**Data in this exercise**
= = =

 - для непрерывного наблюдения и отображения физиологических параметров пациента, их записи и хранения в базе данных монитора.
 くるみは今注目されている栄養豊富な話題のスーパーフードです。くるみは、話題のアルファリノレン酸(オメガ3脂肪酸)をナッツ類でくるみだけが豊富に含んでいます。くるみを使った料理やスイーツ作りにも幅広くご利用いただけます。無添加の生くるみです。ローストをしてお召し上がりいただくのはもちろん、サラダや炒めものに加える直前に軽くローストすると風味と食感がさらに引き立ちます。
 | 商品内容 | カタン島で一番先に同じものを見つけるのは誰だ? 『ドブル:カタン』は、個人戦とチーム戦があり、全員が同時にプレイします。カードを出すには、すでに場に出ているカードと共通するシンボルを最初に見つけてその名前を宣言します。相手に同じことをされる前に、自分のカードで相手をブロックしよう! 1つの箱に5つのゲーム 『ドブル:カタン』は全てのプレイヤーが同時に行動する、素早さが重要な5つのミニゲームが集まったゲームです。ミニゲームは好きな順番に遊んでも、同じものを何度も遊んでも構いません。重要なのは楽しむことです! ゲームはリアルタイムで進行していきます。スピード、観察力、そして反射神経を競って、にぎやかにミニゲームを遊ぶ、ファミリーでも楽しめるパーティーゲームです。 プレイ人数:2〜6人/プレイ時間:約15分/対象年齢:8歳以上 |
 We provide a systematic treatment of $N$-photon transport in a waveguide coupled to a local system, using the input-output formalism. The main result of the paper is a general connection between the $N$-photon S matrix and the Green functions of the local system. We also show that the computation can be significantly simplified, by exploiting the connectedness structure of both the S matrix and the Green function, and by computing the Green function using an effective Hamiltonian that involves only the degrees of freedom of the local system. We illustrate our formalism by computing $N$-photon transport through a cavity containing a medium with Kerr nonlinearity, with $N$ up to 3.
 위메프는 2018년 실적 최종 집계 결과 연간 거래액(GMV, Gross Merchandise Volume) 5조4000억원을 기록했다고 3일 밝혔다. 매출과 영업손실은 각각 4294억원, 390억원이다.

= = =

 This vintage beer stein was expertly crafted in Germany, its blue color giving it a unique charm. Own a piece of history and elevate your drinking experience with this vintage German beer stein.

= = =

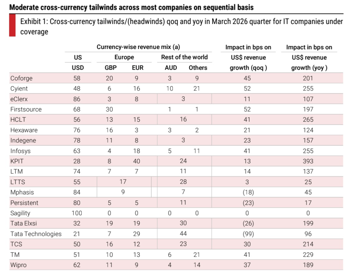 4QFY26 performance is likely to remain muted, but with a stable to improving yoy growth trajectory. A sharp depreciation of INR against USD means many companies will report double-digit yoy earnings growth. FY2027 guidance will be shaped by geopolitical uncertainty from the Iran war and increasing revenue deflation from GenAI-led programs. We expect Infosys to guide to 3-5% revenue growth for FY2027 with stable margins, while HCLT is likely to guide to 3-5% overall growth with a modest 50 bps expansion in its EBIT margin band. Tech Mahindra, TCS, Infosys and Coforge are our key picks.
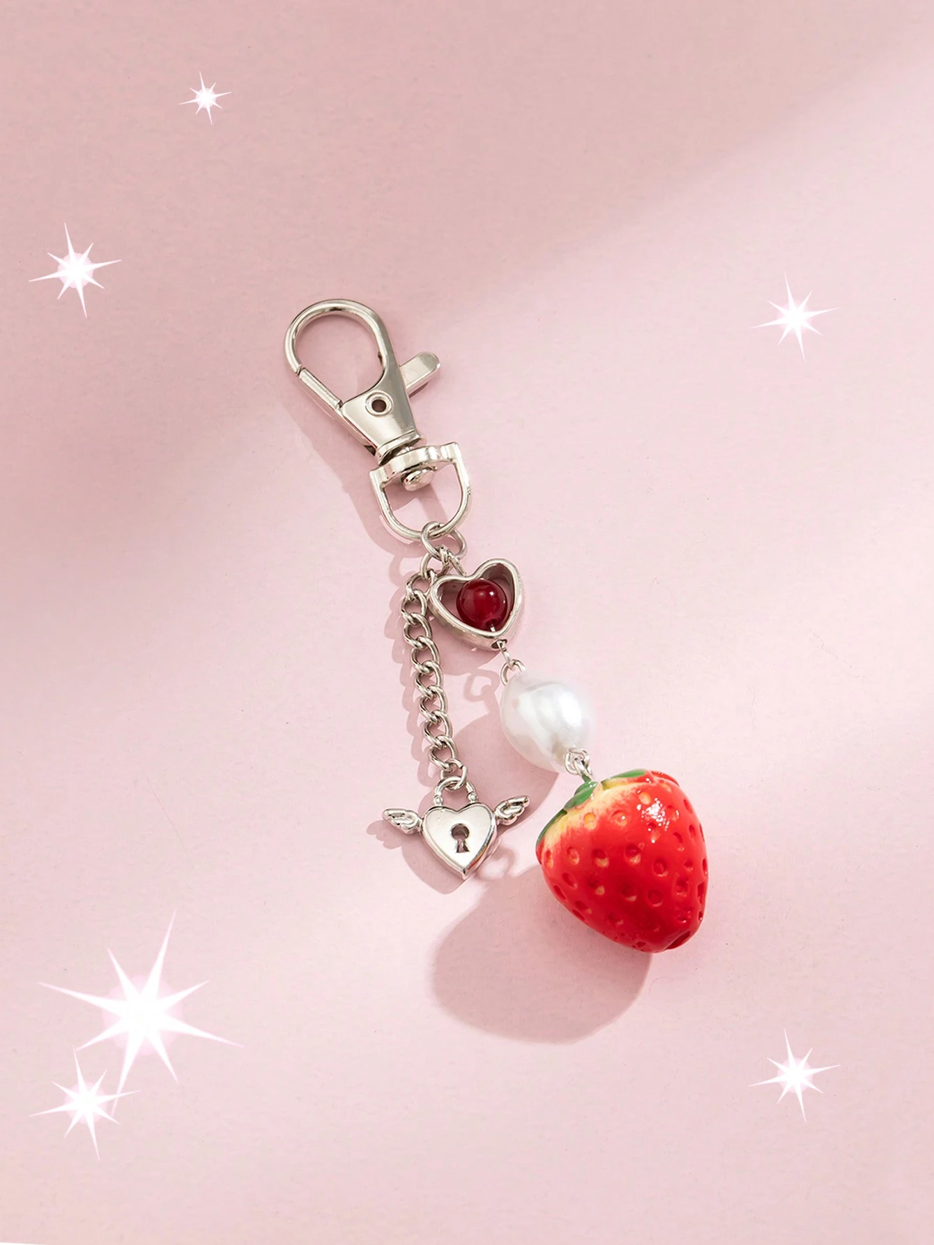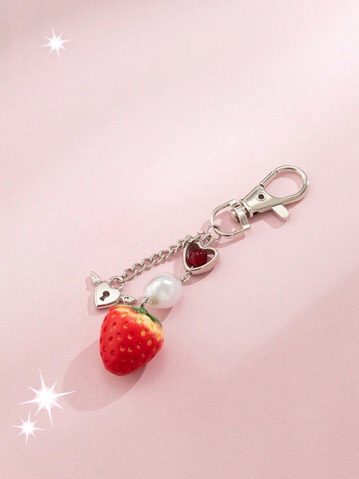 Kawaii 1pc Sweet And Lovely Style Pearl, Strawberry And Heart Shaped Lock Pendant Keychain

= = =

**Task to carry out**
Where the data above reaches the line holding "くるみは今注目されている栄養", begin printing, and stop after the line holding "商品内容 | カタン島で一番先に同じものを見つけるのは誰だ?". Each line must be reproduced exactly, with nothing else added.

**Expected answer**
 くるみは今注目されている栄養豊富な話題のスーパーフードです。くるみは、話題のアルファリノレン酸(オメガ3脂肪酸)をナッツ類でくるみだけが豊富に含んでいます。くるみを使った料理やスイーツ作りにも幅広くご利用いただけます。無添加の生くるみです。ローストをしてお召し上がりいただくのはもちろん、サラダや炒めものに加える直前に軽くローストすると風味と食感がさらに引き立ちます。
 | 商品内容 | カタン島で一番先に同じものを見つけるのは誰だ? 『ドブル:カタン』は、個人戦とチーム戦があり、全員が同時にプレイします。カードを出すには、すでに場に出ているカードと共通するシンボルを最初に見つけてその名前を宣言します。相手に同じことをされる前に、自分のカードで相手をブロックしよう! 1つの箱に5つのゲーム 『ドブル:カタン』は全てのプレイヤーが同時に行動する、素早さが重要な5つのミニゲームが集まったゲームです。ミニゲームは好きな順番に遊んでも、同じものを何度も遊んでも構いません。重要なのは楽しむことです! ゲームはリアルタイムで進行していきます。スピード、観察力、そして反射神経を競って、にぎやかにミニゲームを遊ぶ、ファミリーでも楽しめるパーティーゲームです。 プレイ人数:2〜6人/プレイ時間:約15分/対象年齢:8歳以上 |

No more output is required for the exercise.